Le déploiement restreint d'Anthropic, son ensemble de partenaires et ses engagements en ressources soutiennent cette possibilité, tout comme le fait que les responsables ont reçu un briefing anticipé, entrant ainsi dans la discussion avant la divulgation publique.
Dans le scénario baissier, de nouveaux modèles de pointe arrivent avec des capacités offensives comparables ou supérieures, ou des divulgations concernant Mythos révèlent un calendrier d'attaque plus compressé que ce que le cadre contrôlé actuellement publié reconnaît.
Le Trésor, la Réserve fédérale et les régulateurs financiers passent ensuite des avertissements privés à des attentes de supervision plus strictes : des exigences plus strictes en matière de provenance logicielle, des examens obligatoires de la concentration des fournisseurs, des délais de déclaration des incidents plus serrés, et des normes de résilience opérationnelle plus rigoureuses pour les banques partageant des dépendances cloud ou logicielles communes.
Les documents du FSB et du Trésor fournissent déjà la base conceptuelle et réglementaire pour cette escalade. Les estimations de pertes extrêmes du FMI et les avertissements du FSB concernant la perturbation des infrastructures financières critiques expliquent pourquoi les responsables ont opté pour une préparation active sans attendre un incident démontrable.

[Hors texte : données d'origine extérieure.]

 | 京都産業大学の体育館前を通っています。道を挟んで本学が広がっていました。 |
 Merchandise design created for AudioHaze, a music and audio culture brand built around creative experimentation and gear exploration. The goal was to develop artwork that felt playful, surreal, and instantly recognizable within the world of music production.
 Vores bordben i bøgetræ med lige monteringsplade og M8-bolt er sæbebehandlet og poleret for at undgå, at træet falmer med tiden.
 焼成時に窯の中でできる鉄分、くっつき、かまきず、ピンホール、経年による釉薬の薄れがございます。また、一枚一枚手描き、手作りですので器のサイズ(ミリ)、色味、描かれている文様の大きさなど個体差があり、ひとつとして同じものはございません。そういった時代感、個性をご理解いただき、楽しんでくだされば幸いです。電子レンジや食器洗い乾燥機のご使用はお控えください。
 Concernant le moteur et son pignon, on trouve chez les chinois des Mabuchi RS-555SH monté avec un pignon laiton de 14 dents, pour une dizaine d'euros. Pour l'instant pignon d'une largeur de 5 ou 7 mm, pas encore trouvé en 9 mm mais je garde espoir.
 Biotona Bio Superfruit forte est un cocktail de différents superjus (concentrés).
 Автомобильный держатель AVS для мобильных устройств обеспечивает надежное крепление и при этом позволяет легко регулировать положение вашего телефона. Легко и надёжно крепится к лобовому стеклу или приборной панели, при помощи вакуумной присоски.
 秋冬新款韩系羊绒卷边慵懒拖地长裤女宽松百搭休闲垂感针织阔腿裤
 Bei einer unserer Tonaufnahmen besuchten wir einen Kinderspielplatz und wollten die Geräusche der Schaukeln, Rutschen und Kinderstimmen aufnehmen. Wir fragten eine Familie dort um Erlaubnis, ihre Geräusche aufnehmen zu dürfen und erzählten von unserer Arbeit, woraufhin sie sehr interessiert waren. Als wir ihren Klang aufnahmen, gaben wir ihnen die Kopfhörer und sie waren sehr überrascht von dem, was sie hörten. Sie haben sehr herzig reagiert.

La rapidité avec laquelle l'équilibre entre attaque et défense change à mesure que davantage de laboratoires atteignent des niveaux de capacité similaires est la variable ouverte dans les deux scénarios.
Glasswing suppose qu'un accès coordonné et contrôlé peut maintenir l'avantage suffisamment longtemps pour permettre aux correctifs de fermer les failles découvertes par Mythos. Cette hypothèse ne tient que tant que l'écart entre l'accès de pointe et l'accès ouvert reste suffisamment large pour donner une réelle prise à cet effort.
| Scénario | Déclencheur | Réponse politique | Impact sur les banques |
|---|---|---|---|
| Scénario haussier | Glasswing fonctionne, les vulnérabilités sont corrigées, l'accès reste contrôlé | Coordination continue en huis clos, règles nouvelles limitées | Les banques traitent cela comme un exercice de résilience |
| Cas de base | Plus d'inquiétude, mais aucun incident visible | Plus de conseils, plus d'exams, plus d'avis sur les fournisseurs | Pression accrue en matière de conformité et de gestion des correctifs |
| Scénario baissier | Plus de modèles montrent une capacité offensive similaire | Exigences de supervision plus strictes, règles sur la provenance des logiciels, pression accrue en matière de déclaration des incidents | Charge opérationnelle accrue et changements de contrôle plus rapides |
| Risque de queue | Perturbation matérielle liée à une exposition partagée aux logiciels/cloud | Coordination de type crise entre le Trésor, la Réserve fédérale et les régulateurs | La confiance du marché et la continuité opérationnelle deviennent des préoccupations majeures |
Powell et la décision de Bessent de réunir les PDG des banques en urgence constitue la reconnaissance officielle la plus claire selon laquelle les responsables américains estiment que l'écart se réduit plus vite que ce que la posture cybernétique actuelle du système financier peut absorber.
L'article Why Fed and Treasury leaders Powell, Bessent just rushed into a critical cyber-risk meeting est apparu en premier sur CryptoSlate.